— Я заблудился, — признался человек-обезьяна. — Я родом не из Пеллюсидара, а из другого мира, расположенного очень далеко отсюда. Я потерял своих друзей и не могу их снова отыскать. Я хотел бы подружиться с воинами Клови.
— Почему ты напал на медведя? — неожиданно задал вопрос Ован.
— Если бы я этого не сделал, медведь убил бы тебя. Ован почесал в затылке.
— Я тоже не вижу другой причины, — вынужден был признать он, — хотя мне все равно непонятно. Так мог поступить любой мужчина из моего племени, но ты-то не из моего племени. Ты — чужак, а значит враг. Или у твоего племени другие обычаи?
— Другие, — подтвердил Тарзан.
Долгое время Ован пристально рассматривал красивого гиганта с бронзовой кожей. Наконец он кивнул головой.

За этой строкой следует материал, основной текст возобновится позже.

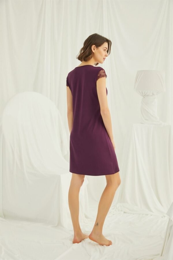 Detta nattlinne är tillverkat av stickat tyg med högt innehåll av bomull och viskos, vilket gör det mjukt, följsamt och andningsbart. Materialet hjälper till att underlätta övergången till sömn och ger en behaglig känsla mot huden.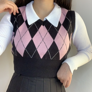 Áo Khoác Cardigan Dệt Kim Tay Dài Dáng Rộng Họa Tiết Viên Kim Cương Kiểu Hàn Quốc Xinh Xắn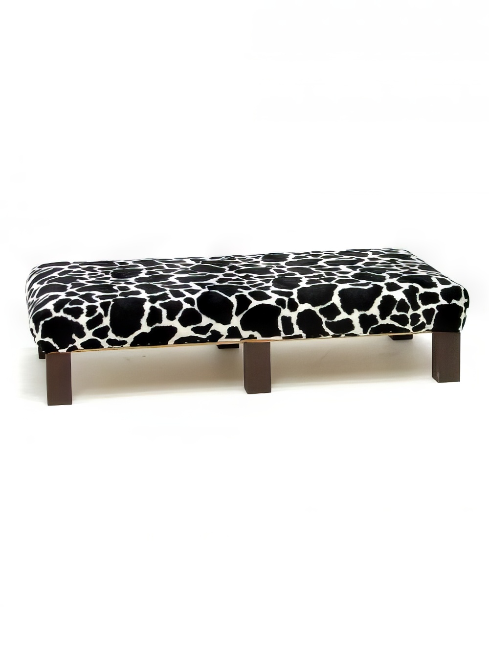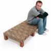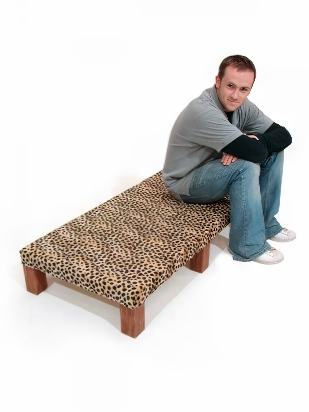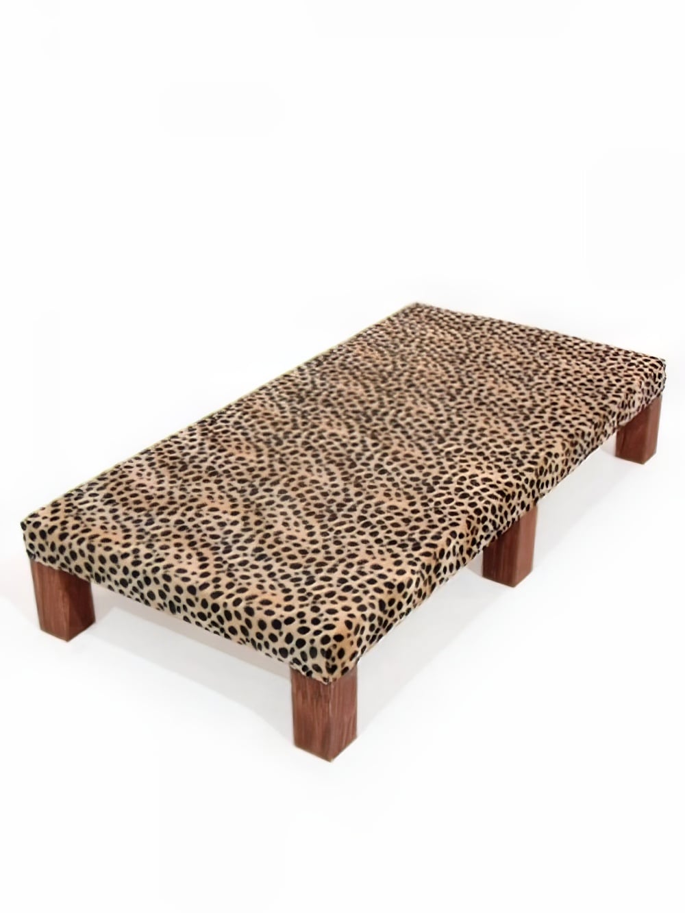 Animal Print Furniture Bench to hire. This low seating furniture solution is finished in a soft foam padding and covered in an animal print material design making it perfect furniture hire for any number of themed events including African Safari and Jungle event theme parties!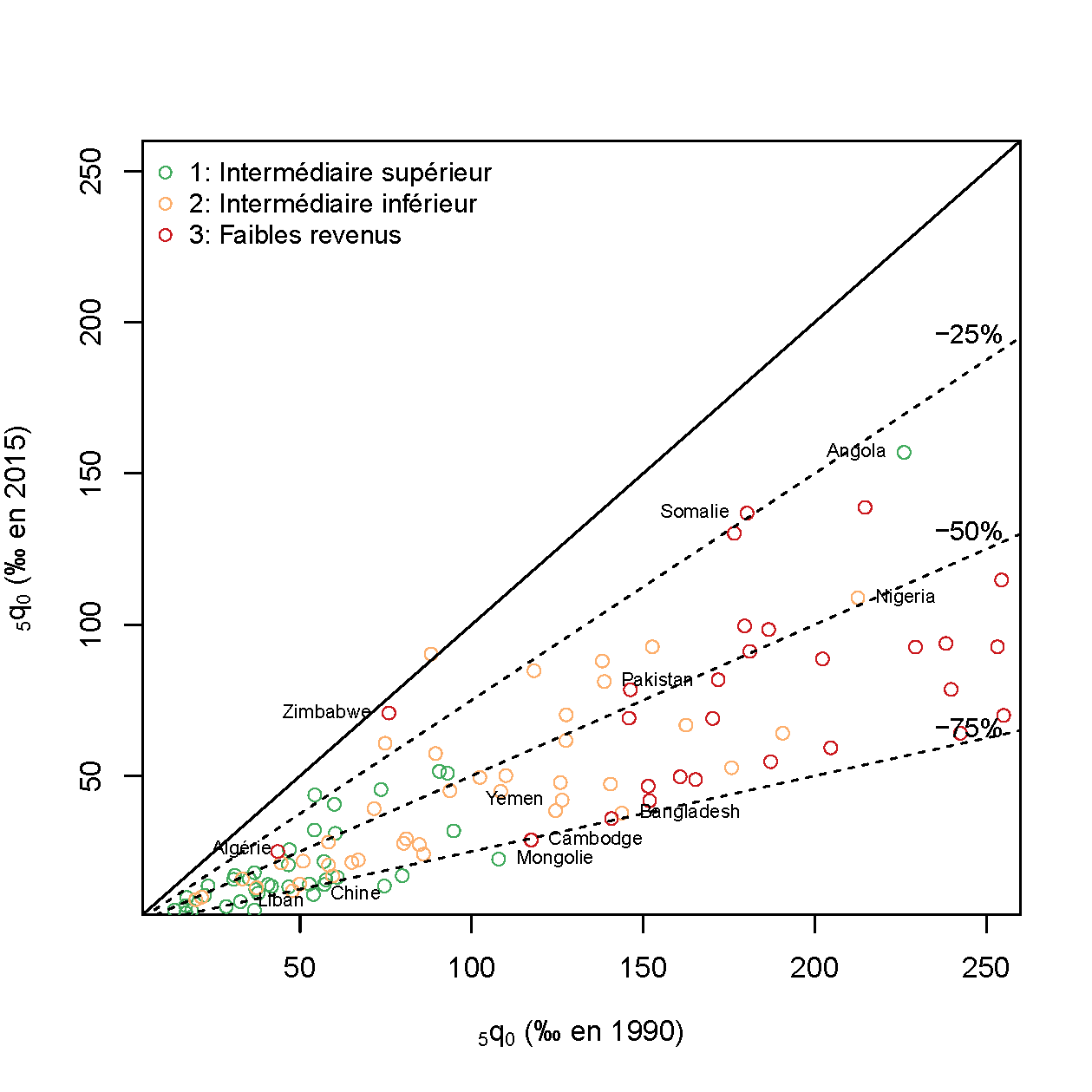 Évolution des quotients de mortalité infanto-juvénile entre 1990 et 2015 dans les 108 pays à faible et moyen revenu.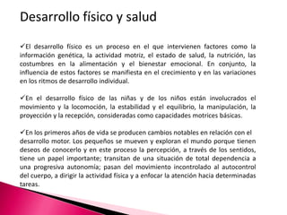 Este documento trata sobre el desarrollo físico y la salud en los primeros años de vida. Explica que el desarrollo físico depende de factores genéticos, motrices, de salud, nutrición y bienestar emocional. En los primeros años, los niños pasan de depender totalmente de otros a ser más autónomos a medida que desarrollan el control motor y la conciencia corporal. La intervención educativa debe fomentar estas capacidades y el conocimiento del propio cuerpo.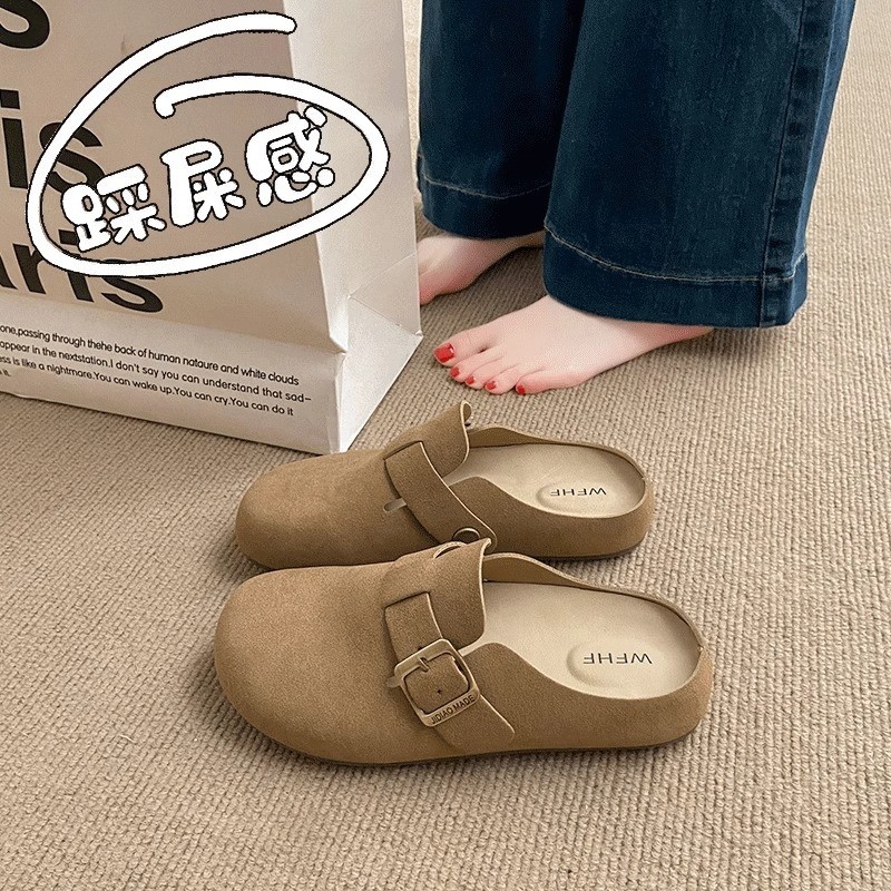 真皮包头拖秋季2025年新款勃肯鞋圆头拖鞋平底外穿休闲半拖懒人鞋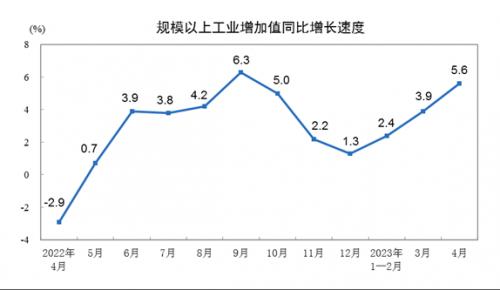 4月份,规模以上工业增加值同比实际增长5.6%(增加值增速均为扣除价格因素的实际增长率)。从环比看,4月份,规模以上工业增加值比上月下降0.47%。1—4月份,规模以上工业增加值同比增长3.6%。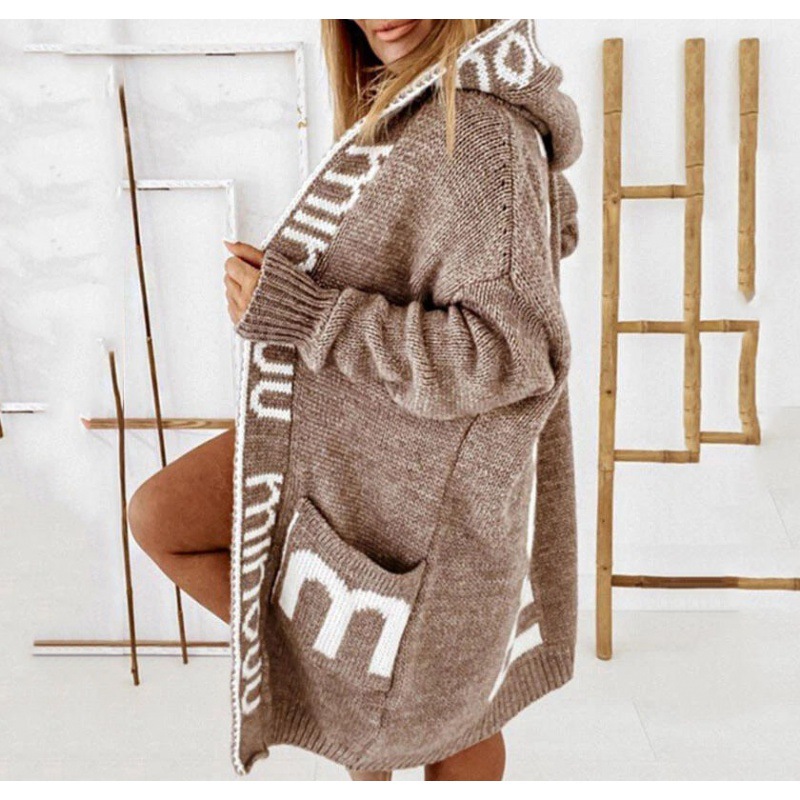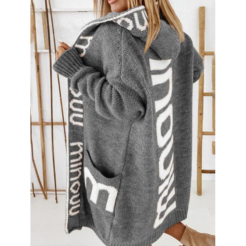 여성용 크로스보더 레터 니트 가디건 2024 가을 겨울 신상 중간 길이 유럽풍 루즈핏 니트 자켓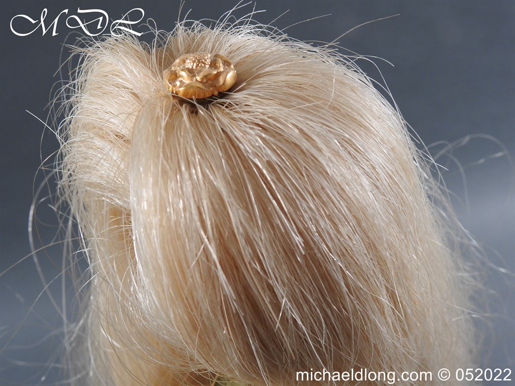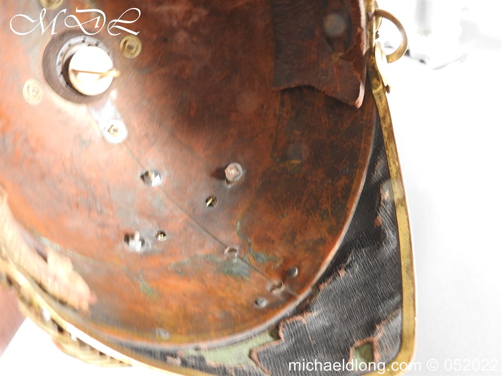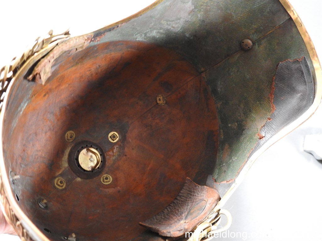 Royal Irish 4th Dragoon Guards Parade Helmet in found condition brass skull showing age contact marks but solid and no major dents. Super regimental enamelled blue, red and green badge to centre mounted on silver star which has darken with age. Although this is a correct and an original badge it has been replaced during it’s life time. Complete with excellent white horse hair plume and chin strap please note no liner.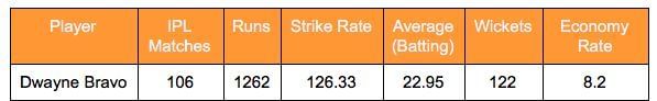 Dwayne Bravo (Gujarat Lions) - The West Indian all-rounder with over 100 matches in IPL, Bravo played a pivotal role in the success of his former team - Chennai Super Kings. The wristy batsman plays spin very well. As a bowler, he can bamboozle the best of the batsmen with his slower yorkers.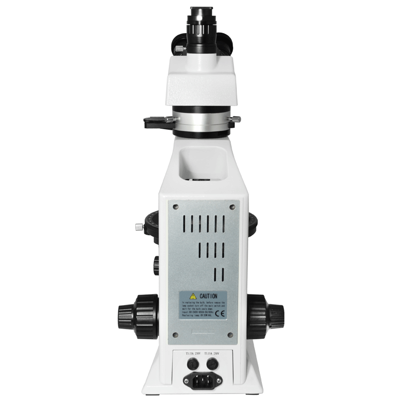 Finite. Total Magnification: 40-400X. 10X Eyepiece;10X Reticle Eyepiece. 4X 10X 40X Plan Achromatic Polarizing Objective. Standard Coupler: 0.5X. Eye Tube Angle: 30°. Eyepiece Field of View: Dia. 18mm. Illumination Type: LED Coaxial Transmitted Light. Input Voltage: AC 90-240V 50/60Hz.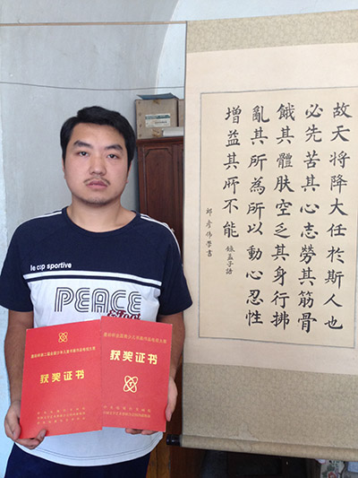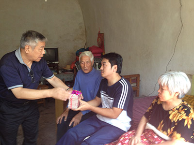 2013年8月31日,国际中国书画家交流促进会秘书长、中华慈善总会明天会更好慈善爱心书画艺术交流基金管理办公室副主任张金卫,中国书画报北京记者站站长曹玉文,爱心企业家、大同康健药业有限责任公司总经理武利斌等一行4人乘车6小时左右,专程前往河北井陉县北要村代表“华夏之星”爱心书画家看望并慰问了血友病患者郎彦伟先生,并将7月28日在山东泰安,由中国书画报社、中华慈善总会明天会更好慈善爱心书画艺术交流基金联合主办的“华夏之星与慈善同行爱心笔会”上40多位爱心书画家通过书画创作募集到的10万元善款转赠给他,希望郎彦伟先生尽快恢复健康。郎彦伟,1990年出生于井陉县辛庄乡北要子村,患病至今已十余年。十年前,他还是一个活泼可爱的小孩,品学兼优,并酷爱书法艺术,从2003至2005年连续三年参加中央电视台和中国文联共同举办的“墨彩杯”全国青少儿书画作品电视大赛,先后获得一次儿童组二等奖和两次少年组一等奖。但无情的病魔突然袭来,致使他的手不能用力,胳膊也不能活动,连写字这样最轻微的体力运动都无法完成,本可以成为书法家的一个好苗子就这样夭折了。郎彦伟的母亲苏爱英,自幼因小儿麻痹高位截瘫,为二级残疾,长年卧床,生活难以自理,全家仅靠父亲郎柱山微薄的退休金勉强度日。但郎柱山也是残疾人,左脚伤残令行走十分不便。尽管如此,如今已古稀之年的他,除照顾家中妻儿外,还要下地务农,以补贴家用。郎彦伟维持生命所需的医药费每年约需30万元。因当地医药部门很少引进血友病所需药品,所以他不能享受到农村医疗保险,今年开始才可报销5万多元,其余只能自费。慈善不仅是一时的善举,慈善更需要真心付出,更需要持久坚守,需要更多人的参与。

— Я верю тебе, — сказал он, — хотя по-прежнему не понимаю. Я никогда раньше не сталкивался с таким поведением и не уверен, что наши воины поверят моему рассказу. И даже, если мне удастся убедить их, что ты на самом деле спас мне жизнь, тебе все равно будет грозить опасность, так как воины моего племени не привыкли доверять чужакам.
— Далеко до твоей деревни? — спросил человек-обезьяна.
— Не очень, — ответил Ован.
— Я пойду с тобой и сам поговорю с вождем.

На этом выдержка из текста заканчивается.